Suggestions welcome.

@MichaelDonn

Really interesting analysis, that unfortunately I don’t have any helpful advice for.

However, I am curious about the thermally bridged wall areas. It looks like they are consistently set to about 50% of your zone walls. May I ask how you determined this proportion? My intuition would have been the actual framing area is the only thing acting as the thermally bridged (i.e. there’s no further perimeter effect since there’s insulation everywhere else), and thus the thermally bridged area would have been a lot smaller then 50%. Am I wrong?

@SaeranVasanthakumar - please accept my apologies for the delay in responding.

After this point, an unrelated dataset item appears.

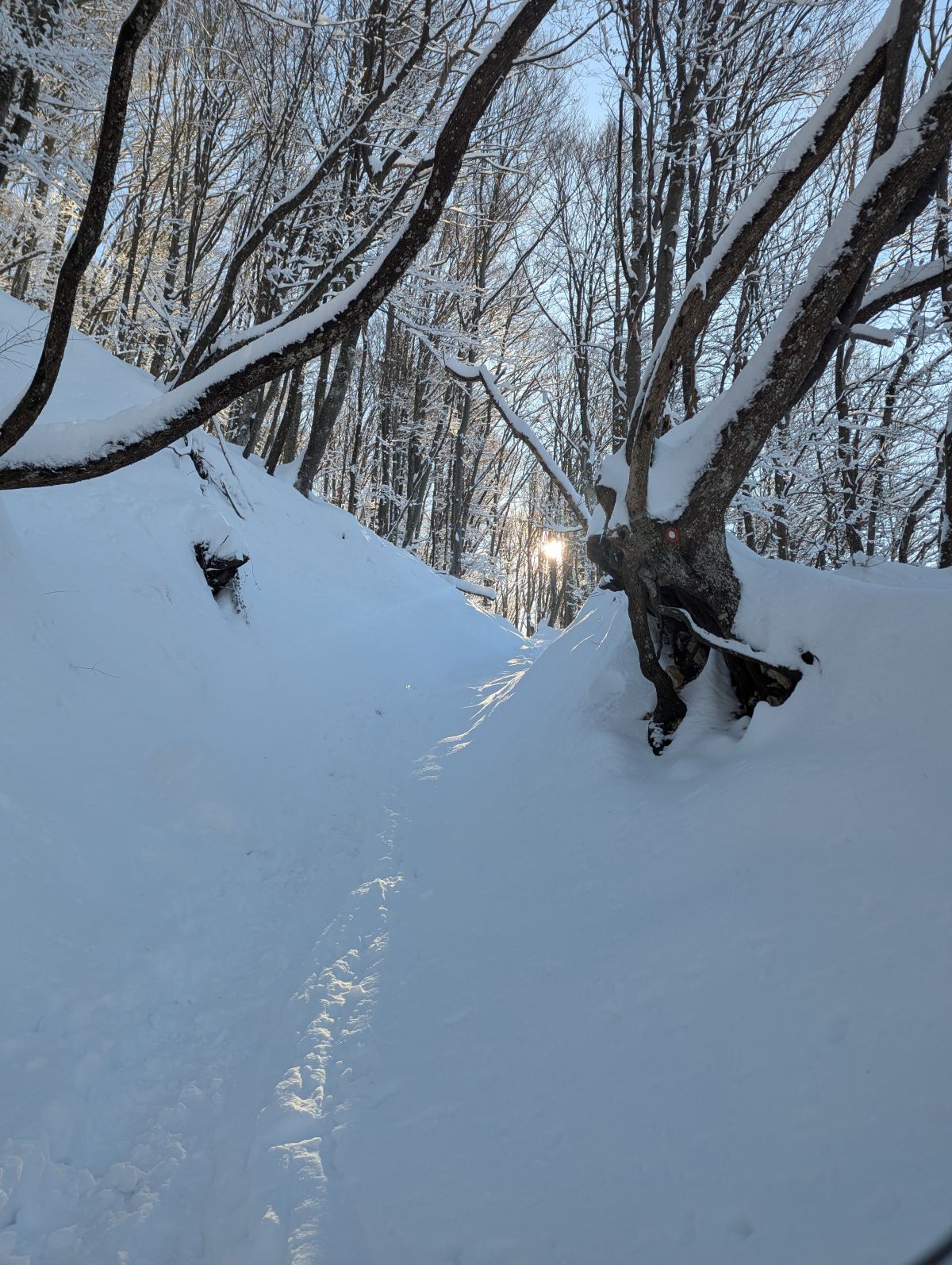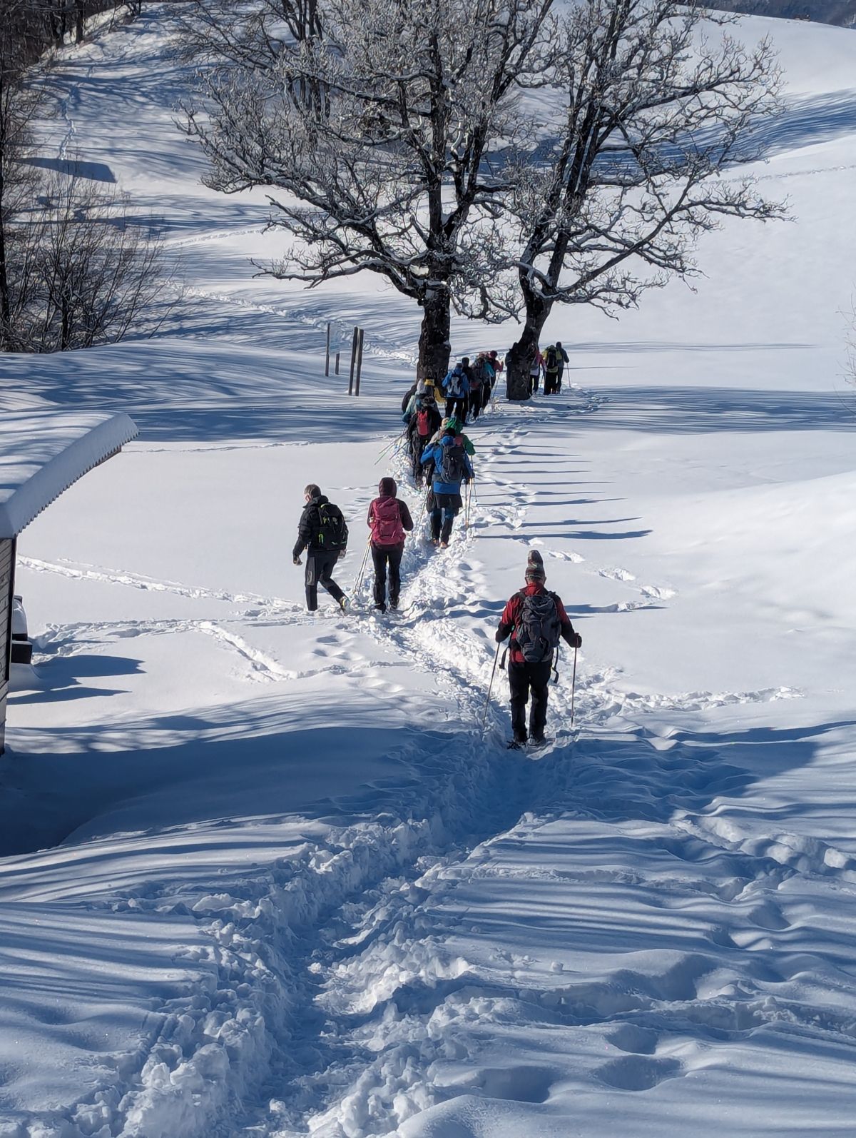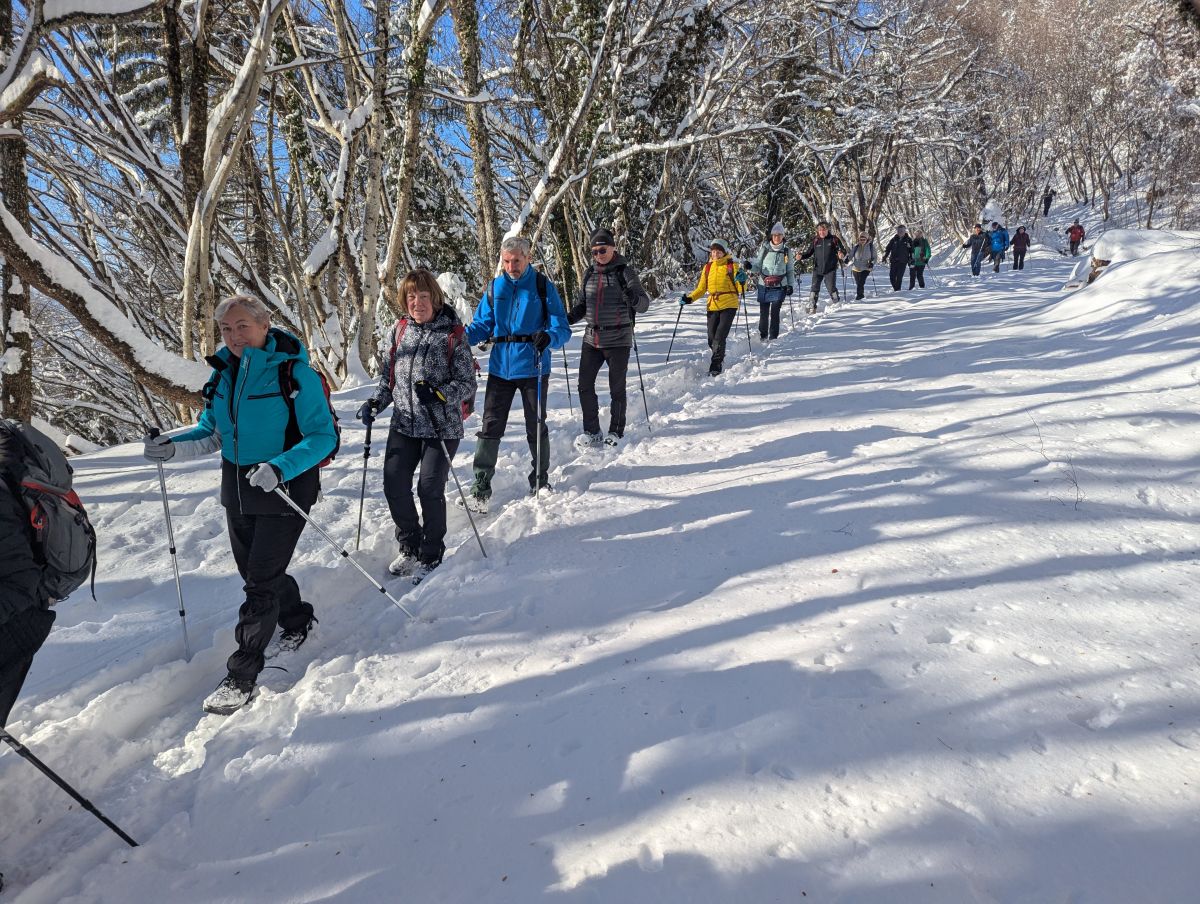 Na Železniški postaji Breg smo zapustili vlak, na hitro predstavili našo pot vzpona, pregledali opremo udeležencev in se po asfaltni cesti podali na pot. Po 15 minutah hoje po zasneženi asfaltni cesti smo zavili na gozdno pot, ki se je strmo dvigovala na travnik. Sončni žarki so obsijali strmino, meglice, ki so se dvigovale iz reke Save, so izginile in pokrajina je postala po iskrivem snegu čudovita. Ob ponovnem prihodu v gozd so nekateri že slekli tople bunde. Postanki pa so bili kljub temu kratki, saj so bile temperature zraka že vedno zelo nizke.

Some 2 years ago we were commissioned to examine the % of a wall that was actually, rather than theoretically, timber. We were also interested in whether this was driven by on-site fixes to installation or standard construction practice. The general guide was that timber was 20% in the wall. Our analysis was for the buildings that we could get access to was some walls were up to 45% timber! This was due to internal wall to external wall connections; lintels over doors and windows; and other normal construction techniques in timber frame walls. We also looked at what software was available to model these kinds of construction issues. What concerned us is that many of these are not well dealt with by simulation programs that model buildings room by room, rather than one single space. What worries me is the idea of smearing an equivalent R value across a timber + insulation construction. We are aware that modelling the heat capacity of the timber in the wall is important. Smearing that across the wall concerns me immensely. I would love to be able to model temperatures on the inside of these structural components compared to the adjacent insulated parts of the wall.

I can make the report available. What was most intriguing from this study was that we demonstrated that simplistic heat loss calculations are insufficient: we found, counter intuitively, that if you operated the windows and heating and cooling of a house in the manner that we do typically in New Zealand then a wall with lower R value because of a greater than expected proportion of timber (40% instead of 20%) actually performed better! Actual performance contradicting the expected performance based on the simplistic physics of a Heat Loss calculation.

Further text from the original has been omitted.